Co-ligand and Solvent Effects on the Spin-Crossover Behaviors of PtS-type Porous Coordination Polymers

In our previous work (Chen, X.-Y.; Chem. Commun. 2013, 49, 10977−10979), we have reported the crystal structure and spin-crossover properties of a compound [Fe­(NCS)2­(tppm)]·S [1·S, tppm = 4,4′,4″,4‴-tetrakis­(4-pyridyl­ethen-2-yl)­tetraphenylmethane, S = 5CH3OH·​2CH2Cl2]. Here, its analogues [Fe­(X)2­(tppm)]·S [X = NCSe–, NCBH3–, and N­(CN)2– for compounds 2·S, 3·S, and 4·S, respectively] have been synthesized and characterized by variable-temperature X-ray diffraction and magnetic measurements.
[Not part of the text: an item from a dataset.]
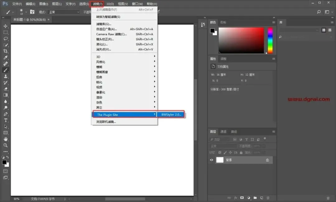 打开PS软件,新建文档,点击滤镜-The Plugin site -BWStyler 2.0…

The crystal structure analyses of 2·S and 3·S reveal that both compounds possess the same topologic framework (PtS-type) building from the tetrahedral ligand tppm and planar unit FeX2; the framework is two-fold self-interpenetrated to achieve one-dimensional open channels occupied by solvent molecules. Powder X-ray diffraction study indicates the same crystal structure for 4. The average values of Fe–N distances observed, respectively, at 100, 155, and 220 K for the Fe1/Fe2 centers are 1.969/2.011, 1.970/2.052, and 2.098/2.136 Å for 2·S, whereas those at 110, 175, and 220 K are 1.972/2.013, 1.974/2.056, and 2.100/2.150 Å for 3·S, indicating the presence of a two-step spin crossover in both compounds. Temperature-dependent magnetic susceptibilities (χMT) confirm the two-step spin-crossover behavior at 124 and 200 K in 2·S, 151 and 225 K in 3·S, and 51 and 126 K in 4·S, respectively. The frameworks of 2–4 are reproducible upon solvent exchange and thereafter undergo solvent-dependent spin-crossover behaviors.